> [Task] Below are some records. Write out exactly their lines from the one with "2024年12月12日,音乐" through the one with "151 номер, 84", and leave the pictures behind.

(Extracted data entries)
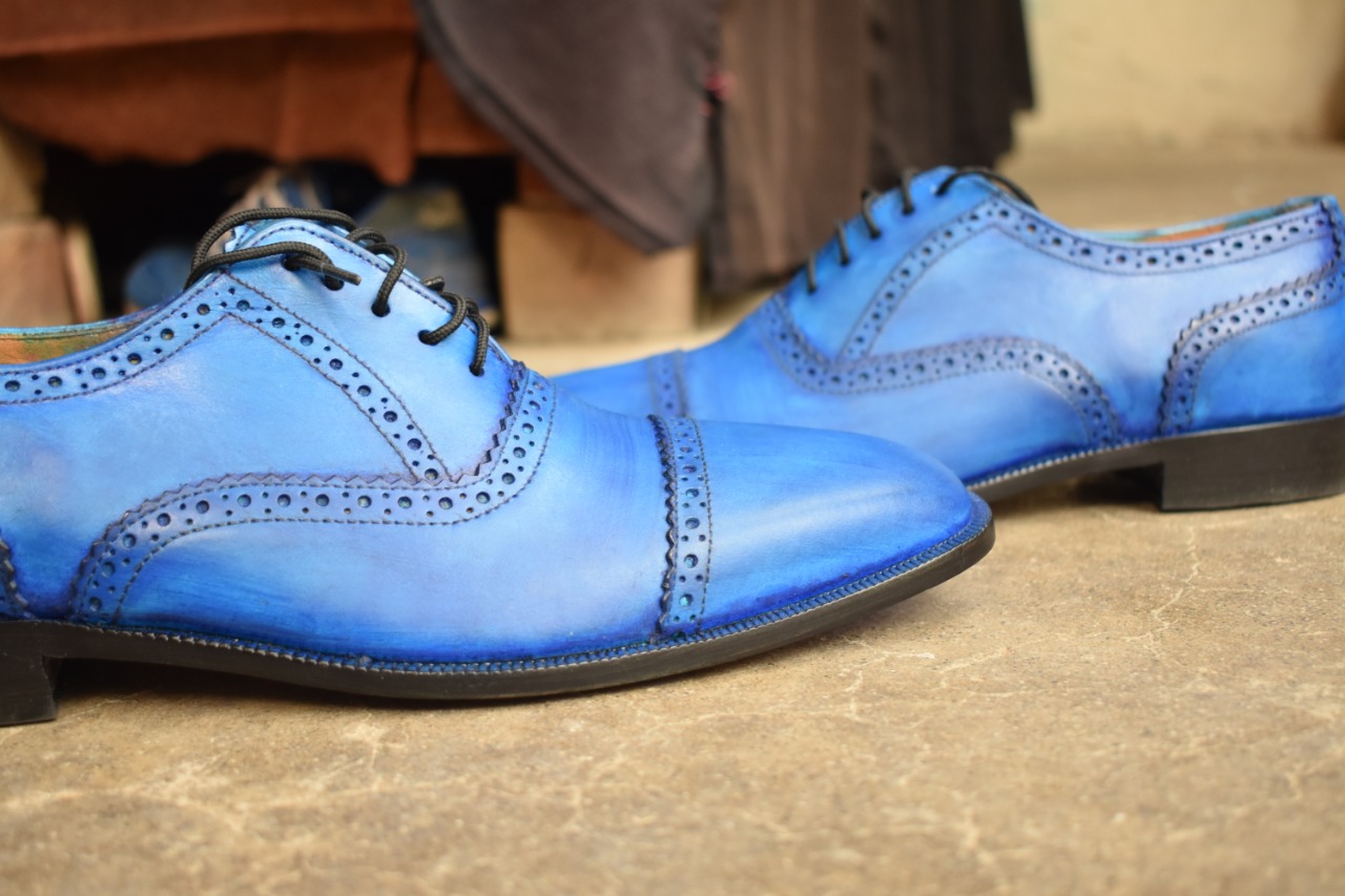 Best Fashion Oxfords Blue Cap Toe Style Leather Lace Up Shoes
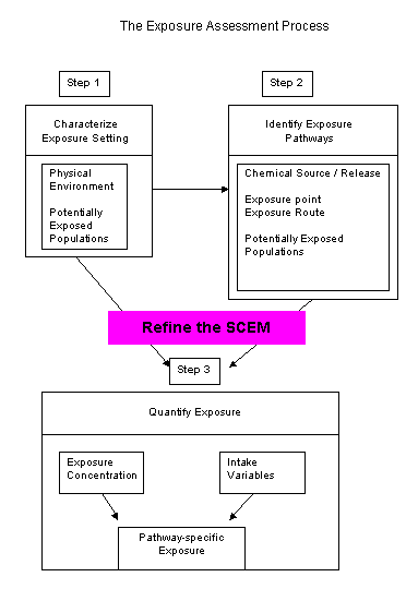 The final output, pathway-specific exposure, will be combined with dose-response relation to state the probability of some adverse health effect to some class of receptors from a particular pathway. For example, the increase in risk of cancer to adults in the Elmtree subdivision due to TCE in the drinking water is XXX. For the adults in the Elmtree subdivision, you might also consider the increase in cancer risk from showering with the TCE contaminated water. You would do an exposure assessment of both the drinking water pathway and the shower water pathway.
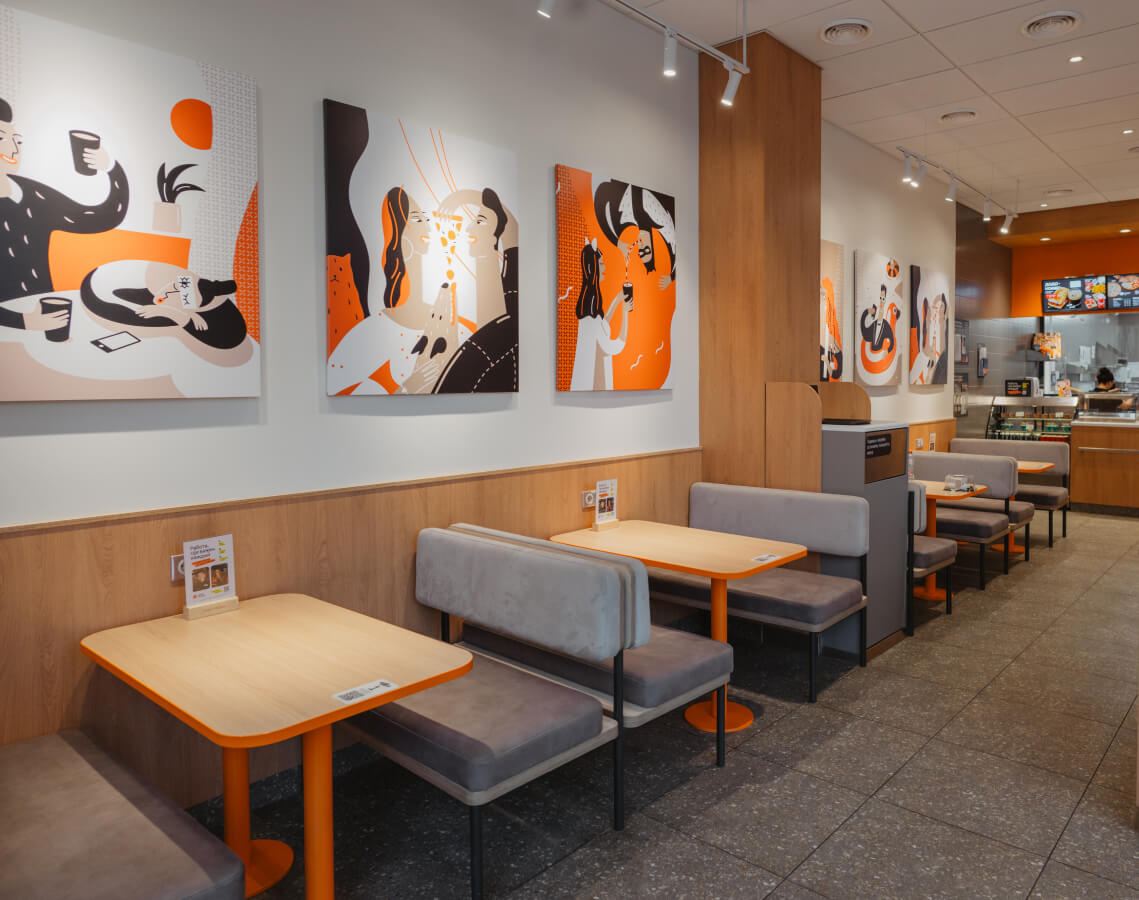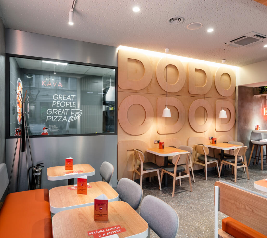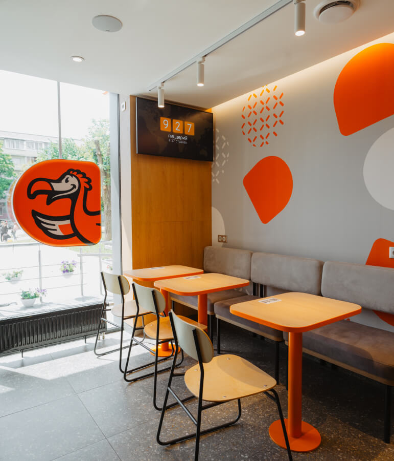 Мы открываем пиццерии везде — в исторических районах, в мрачных девятиэтажках, в модных торговых центрах и в отдалённых малых городах. Разные локации требуют разных архитекурных решений, новые рынки требуют новых форматов, но в результате всегда получается та самая Додо Пицца.
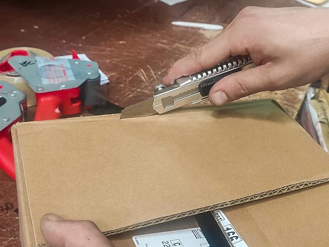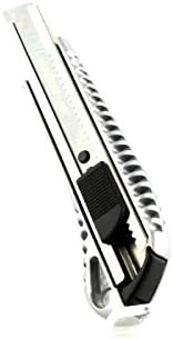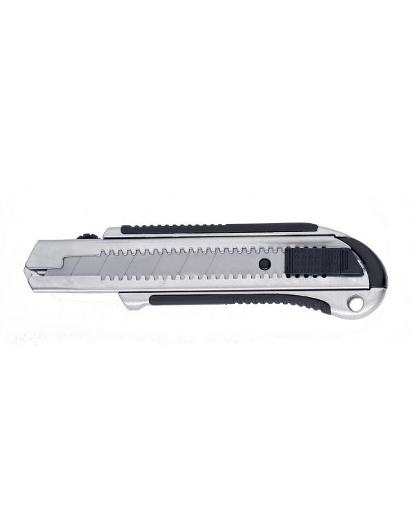 Corpo in lega. Guida di scorrimento della lama in acciaio cromato. Zigrinatura antiscivolo sul corpo. Cursore autobloccante.
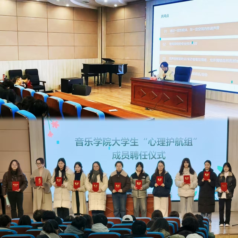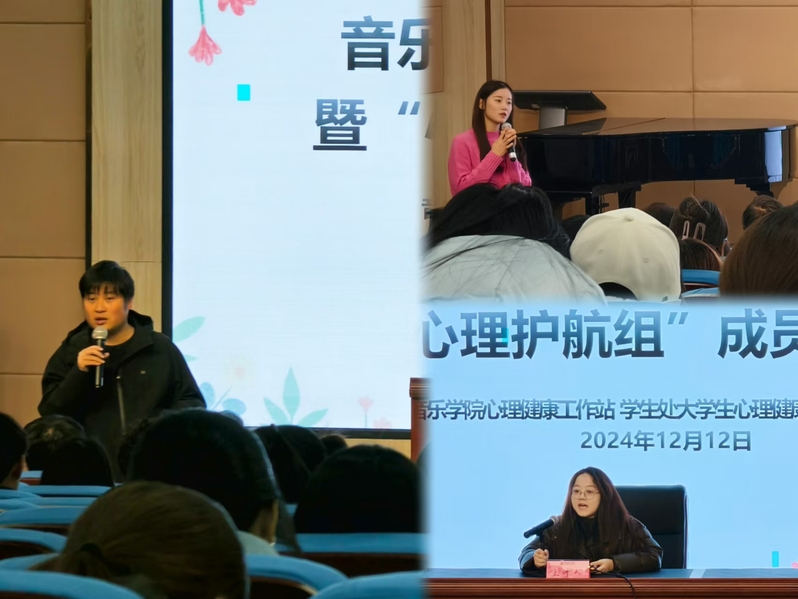 2024年12月12日,音乐学院大学生心理健康沙龙暨“心理护航组”成员聘任仪式在音乐南楼报告厅隆重举行。此次活动由音乐学院心理健康工作站与学生处大学生心理健康教育与咨询中心联合主办,旨在增强学生心理健康教育,提升学生应对压力及心理问题的能力。活动由音乐学院心理健康工作站站长张珂主持,音乐学院大一、大二学生积极参与。
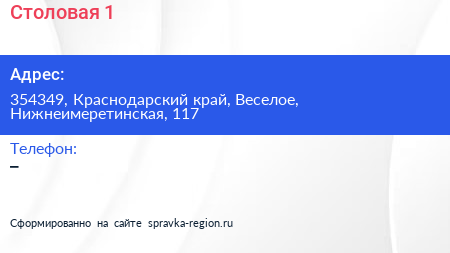 Столовая №1 по адресу 354349, Краснодарский край, Веселое, Нижнеимеретинская, 117 в дальнейшем Организация, размещена в следующих категориях:
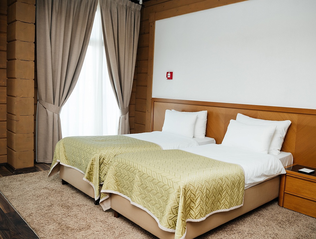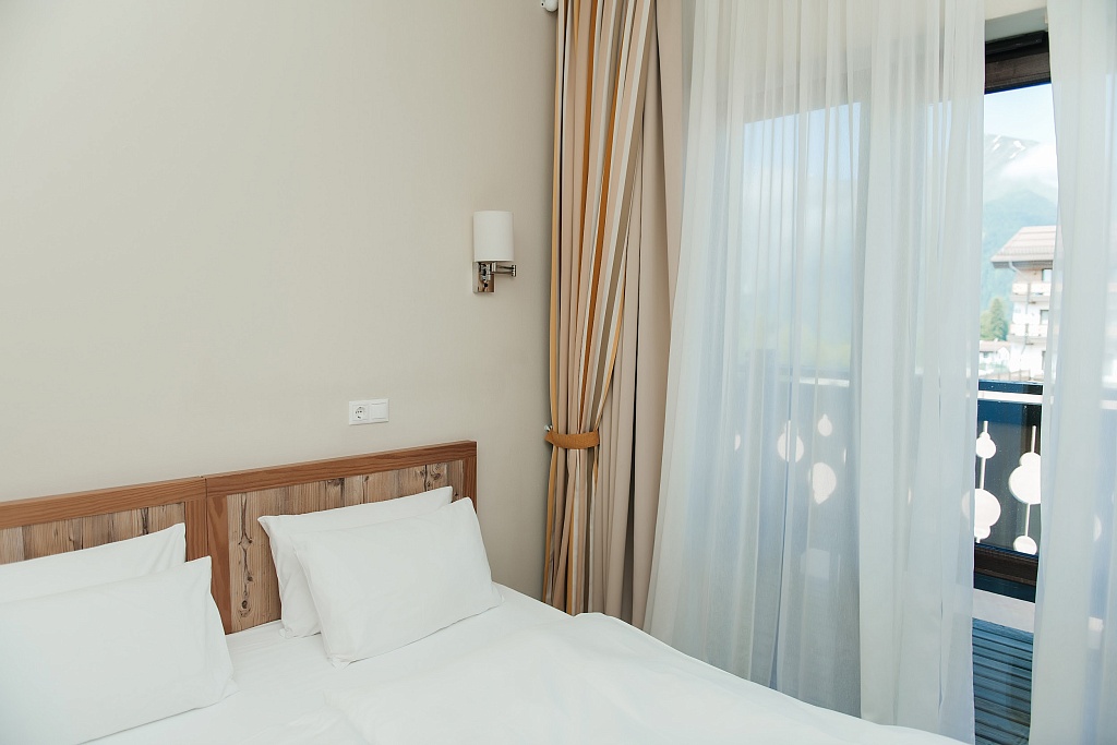 151 номер, 84 апартамента, 28 коттеджей с деревянным убранством – Шале и Шале Премиум (площадью до 350 кв. метров). Закрытая территория с открытым теплым бассейном.
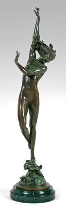 Sgn. Harriet W. Frishmuth1925 © (1880 - 1980, American) Bronze - "Crest of the Wave" Greenish brown patina on a black marble base. Stamped Gorham Foundary. Excellent condition. 21 1/2"
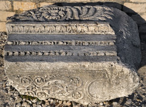 - Epistylfragment mit Rankenfries, darunter Kyma und Fascien mit Astragalstab und Eierstab (?). Soffitte mit Spiralranken in Lyraform.

> [Result of the task]
 2024年12月12日,音乐学院大学生心理健康沙龙暨“心理护航组”成员聘任仪式在音乐南楼报告厅隆重举行。此次活动由音乐学院心理健康工作站与学生处大学生心理健康教育与咨询中心联合主办,旨在增强学生心理健康教育,提升学生应对压力及心理问题的能力。活动由音乐学院心理健康工作站站长张珂主持,音乐学院大一、大二学生积极参与。
 Столовая №1 по адресу 354349, Краснодарский край, Веселое, Нижнеимеретинская, 117 в дальнейшем Организация, размещена в следующих категориях:
 151 номер, 84 апартамента, 28 коттеджей с деревянным убранством – Шале и Шале Премиум (площадью до 350 кв. метров). Закрытая территория с открытым теплым бассейном.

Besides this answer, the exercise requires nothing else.